I was waked early on the following morning by the jubilant music of “Oh, Su-san’-na-a-a, don’t ye cry for me!” and crawling out of the tent I surprised one of our native boatmen in the very act of drumming on a frying-pan and yelling out joyously:
“Litenin’ struck de telegraf,
Killed two thousand niggers;
Shut my eyes to hole my breff,
Su-san’-na-a-a, don’t
ye cry!”
A comical skin-clad native, in the heart of Kamchatka, playing on a frying-pan and singing, “Oh, Susanna!” like an arctic negro minstrel, was too much for my gravity, and I burst into a fit of laughter, which, soon brought out Dodd. The musician, who had supposed that he was exercising his vocal organs unheard, stopped suddenly, and looked sheepishly around, as if conscious that he had been making himself ridiculous in some way, but did not know exactly how.
“Why, Andrei,” said Dodd, “I didn’t know you could sing in English.”
“I can’t, Barin,” was the reply; “but I can sing a little in American.”
Dodd and I went off in another roar of laughter, which puzzled poor Andrei more and more.
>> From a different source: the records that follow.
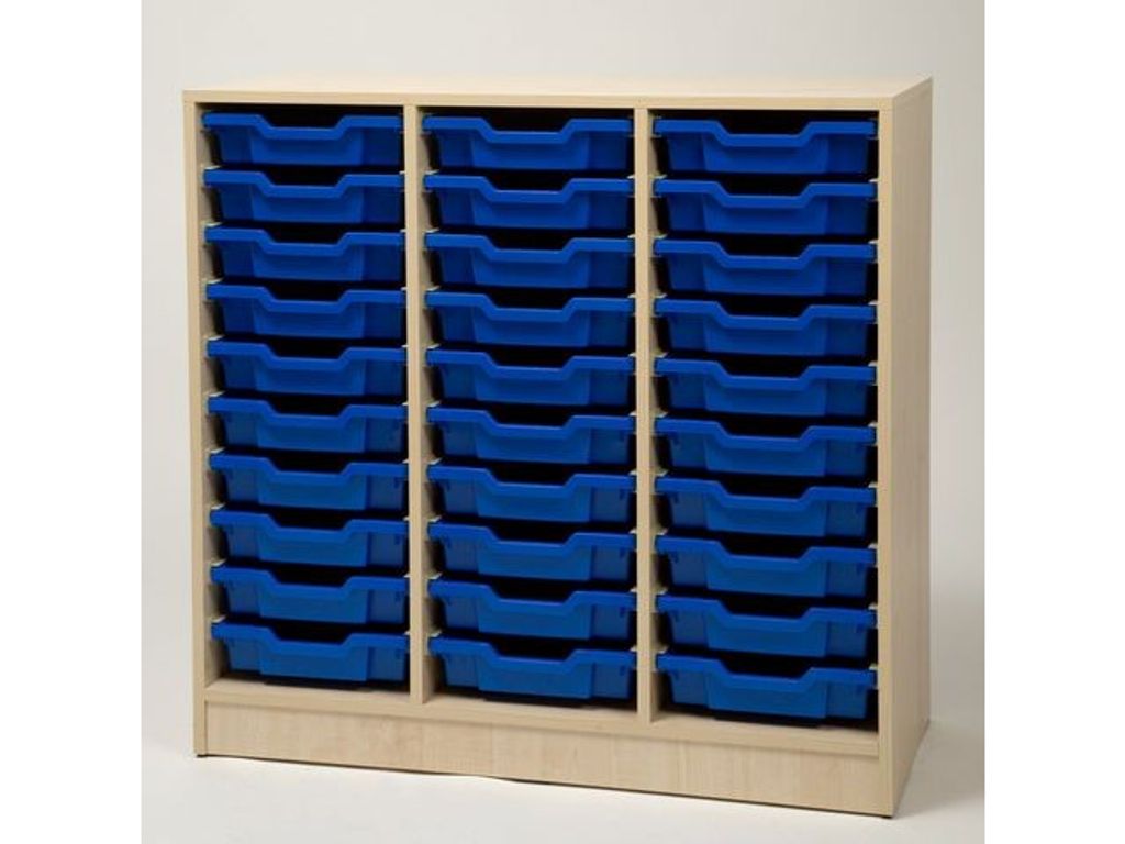 Förvaringshylla med backar. Levereras med 30 st blåa, låga backar av kraftig PP-plast. Levereras färdigmonterad. Stadig konstruktion av lönnmelamin och sockel. Kraftiga plastskenor som passar alla backstorlekar. Storlek på förvaringshylla: B104 x H100 x D45 cm. Backstorlek: B31 x H7,5 x D43 cm.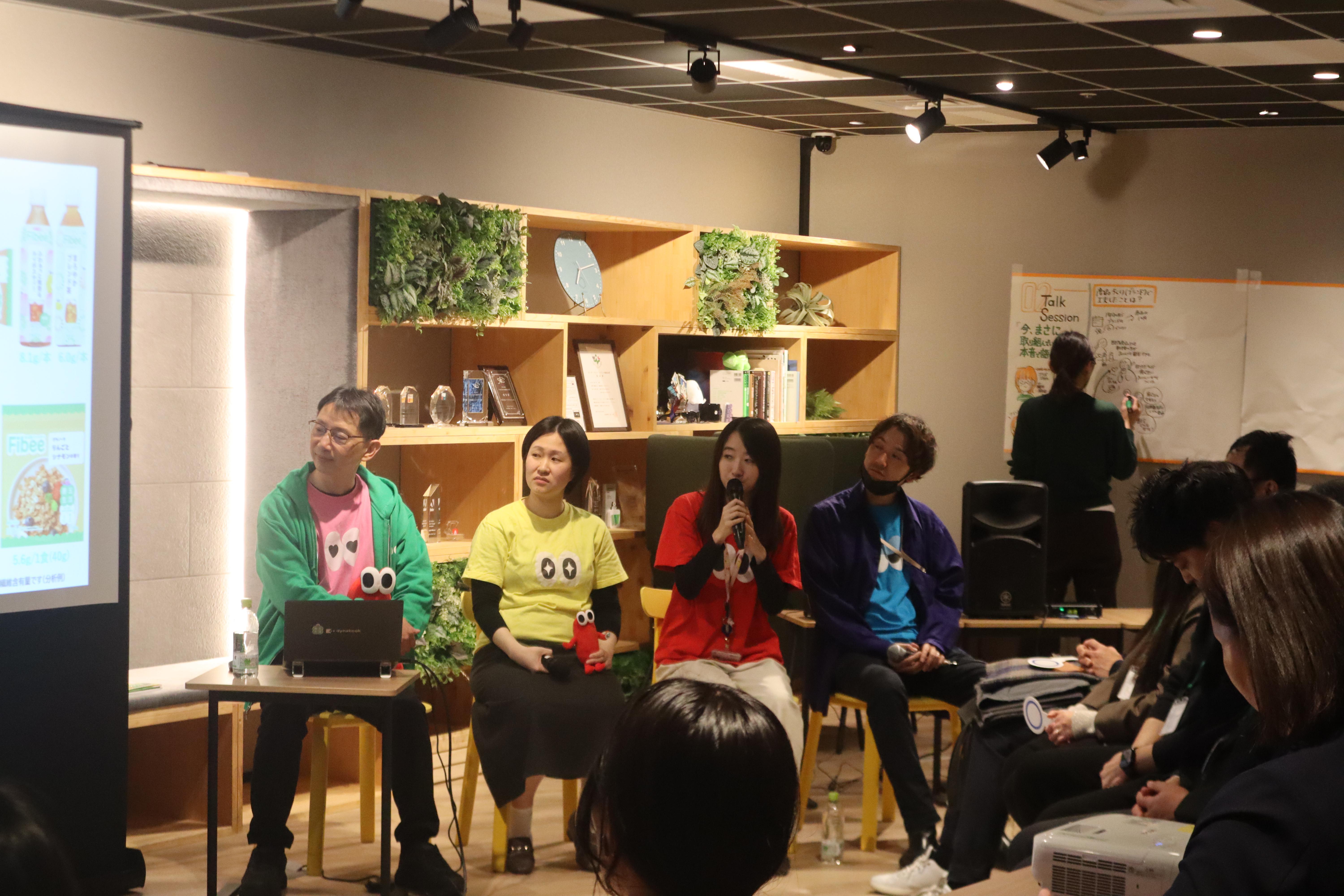 モデレーターの藤井氏(㈱コラボスタイル)の進行のもと、今まさに事業に取り組む中、商品開発やコミュニケーション担当など計3名の方にそれぞれ立場から工夫していることや難しさなどをテーマにトークセッションを行いました。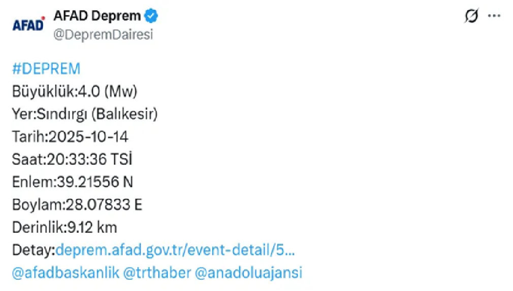 AFAD, depremin yerin 9.12 kilometre derinliğinde gerçekleştiğini açıkladı. Deprem nedeniyle vatandaşlar kısa süreli panik yaşadı.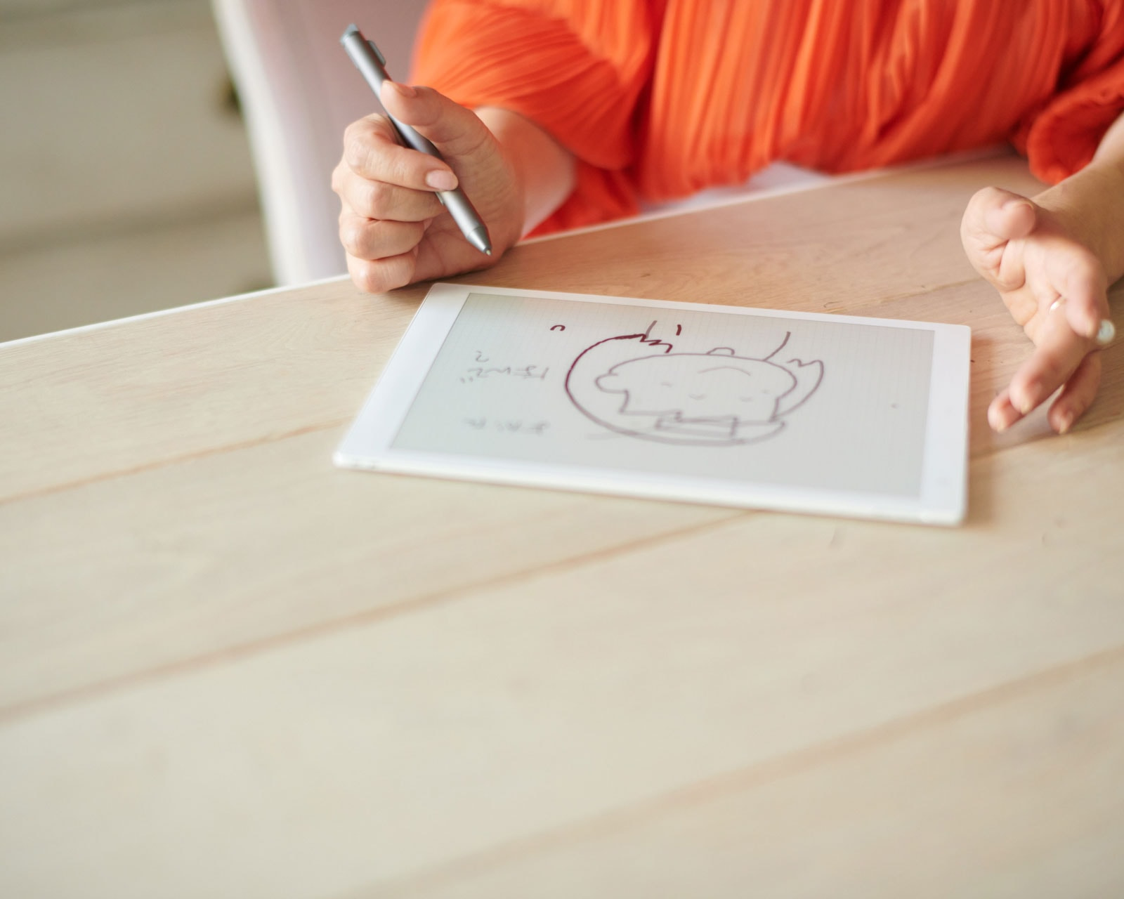 「ノートパソコンを持ち歩いてはいますが、アナログ脳のせいかキーボードでメモを取るのは苦手。“手で書く派”なんです。『クアデルノ』はデジタルツールでありながら、そんなアナログ派の私とも親和性が高いのが魅力。本物の紙に書いているかのような書き心地で快適に使えます。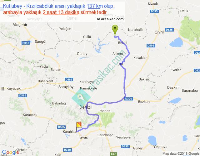 Kutlubey - Kızılcabölük arası yaklaşık olarak 90 km/h ile yukarıda belirtilen sürede olup, iki yerin kuş uçuşu uzaklığı (mesafesi) 79'dir. Yolculuk otobüsle 2 saat 52 dakika sürmektedir.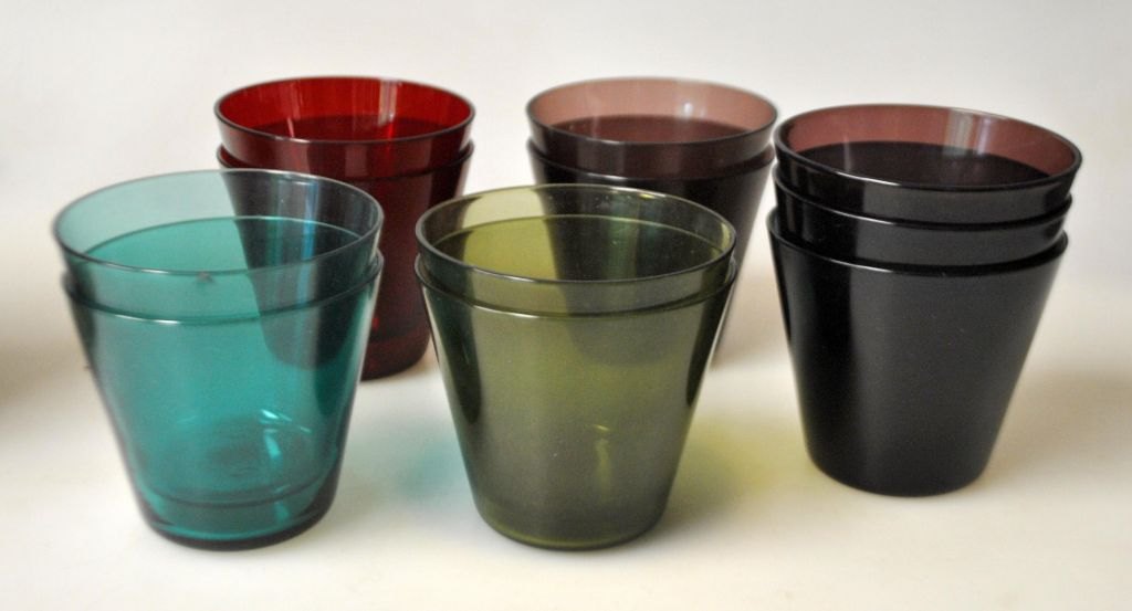 Franck, Kaj (1911 - 1989 ) Finland: Party glas og karaffel, ca. 1954. Produceret af Nuutajärvi Notsjö. Karaffel i klart glas med 11 drikkeglas i forskellige farver. Inkl. original beholder. Karaffel højde: 23 cm. Dia: 8 cm. Glas højde: 6 cm. Dia: 7 cm.

“Where did you learn?” Dodd asked.
“The sailors of a whaling-ship learned it to me when I was in Petropavlovsk, two years ago; isn’t it a good song?” he said, evidently fearing that there might be something improper in the sentiment.
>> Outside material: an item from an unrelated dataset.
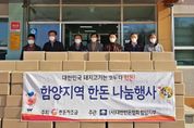 [경남도민뉴스] (사)대한한돈협회 함양군지부는 11월 25일 오후 함양군농업기술센터 체류형농업창업지원센터에서 관내 독거노인 480명에게 한돈 나눔을 비대면으로 전달하였다. 이번 나눔행사는 우리 돼지고기 소비촉진과 관내 이웃들을 돕기 위하여 마련되었으며, 코로나19 장기화로 어려움을 격고 있는 어르신들에게 따뜻한 마음을 전달하여 주변 이웃들에게 따뜻한 온정을 나눌 수 있는 자리가 됐다. 김기환 대한한돈협회 함양군지부장은 “희망 나눔을을 할 수 있게 되어 매우 기쁘게 생각하며 추후에도 어려운 이웃이나 도움이 필요로 하는 군민들을 위해 앞으로도 지속적인 나눔으로 상생하는 협회가 되겠다.”고 말했다.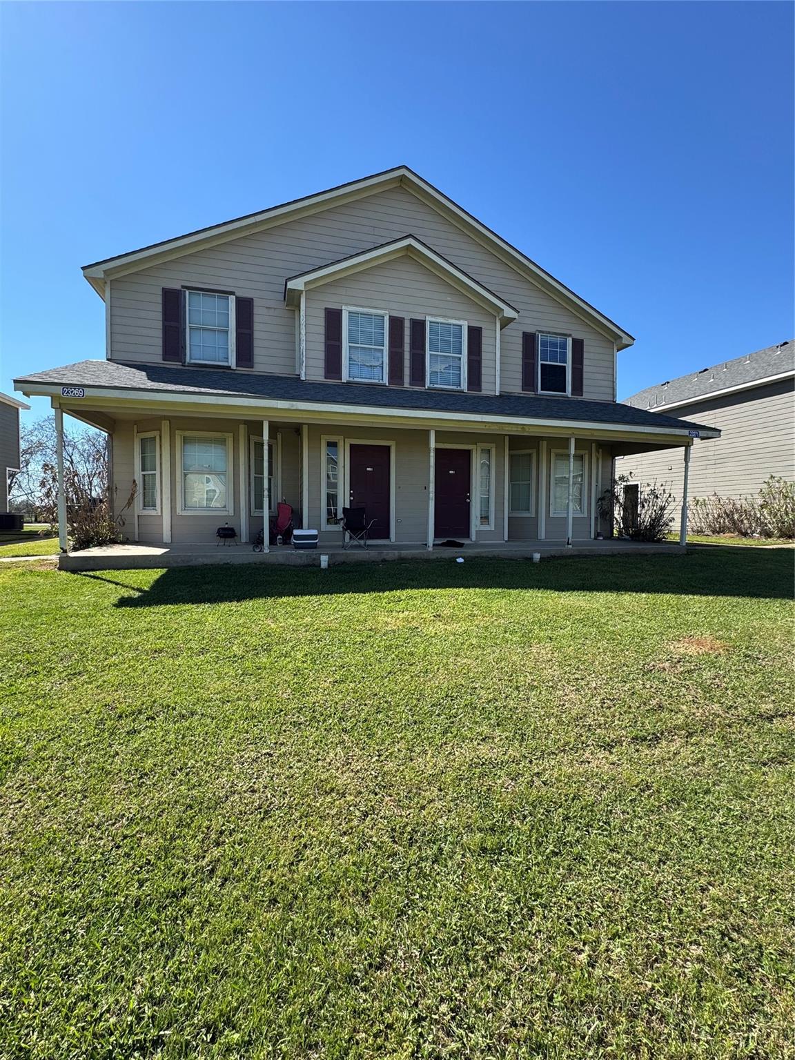Great Investment Opportunity Near Prairie View A&M! Duplex designed for student living featuring 4 bedrooms and 4.5 baths per unit, with each bedroom offering its own private bathroom and furnished with a bed and dresser. Each unit includes a large shared living area that is partially furnished, breakfast bar kitchen with refrigerator, washer, and dryer, plus a shared half bath for guests. Floor plan includes one bedroom downstairs and three upstairs. Flooring features ceramic tile in living and wet areas, with carpet or vinyl in bedrooms and carpeted stairs. Each side provides four parking spaces. School bus stop for pick-up and drop-off and onsite manager. Conveniently located near Hwy 290 with a convenience store nearby, making it ideal for busy Prairie View A&M students.

“It’s a capital song,” Dodd replied reassuringly; “do you know any more American words?”
“Oh yes, your honour!” (proudly) “I know ‘dam yerize,’ ’by ’m bye tomorry,’ ‘no savey John,’ and ‘goaty hell,’ but I don’t know what they all mean.”
It was evident that he didn’t! His American education was of limited extent and doubtful utility; but not even Cardinal Mezzofanti himself could have been more proud of his forty languages than poor Andrei was of “dam yerize” and “goaty hell.” If ever he reached America, the blessed land that he saw in his happier dreams, these questionable phrases would be his passports to the first society.
While we had been talking with Andrei, Viushin had built a fire and prepared breakfast, and just as the sun peered into the valley we sat down on bearskins around our little candle-box and ate some “selanka,” or sour soup, upon which Viushin particularly prided himself, and drank tumbler after tumbler of steaming tea. Selanka, hardtack, and tea, with an occasional duck roasted before the fire on a sharp stick, made up our bill of fare while camping out. Only in the settlements did we enjoy such luxuries as milk, butter, fresh bread, preserved rose-petals, and fish pies.
Taking our places again in the canoes after breakfast, we poled on up the river, shooting occasionally at flying ducks and swans, and picking as we passed long branches full of wild cherries which drooped low over the water. About noon we left the canoes to go around a long bend in the river, and started on foot with a native guide for Yolofka. The grass in the river bottom and on the plains was much higher than our waists, and walking through it was very fatiguing exercise; but we succeeded in reaching the village about one o’clock, long before our canoes came in sight.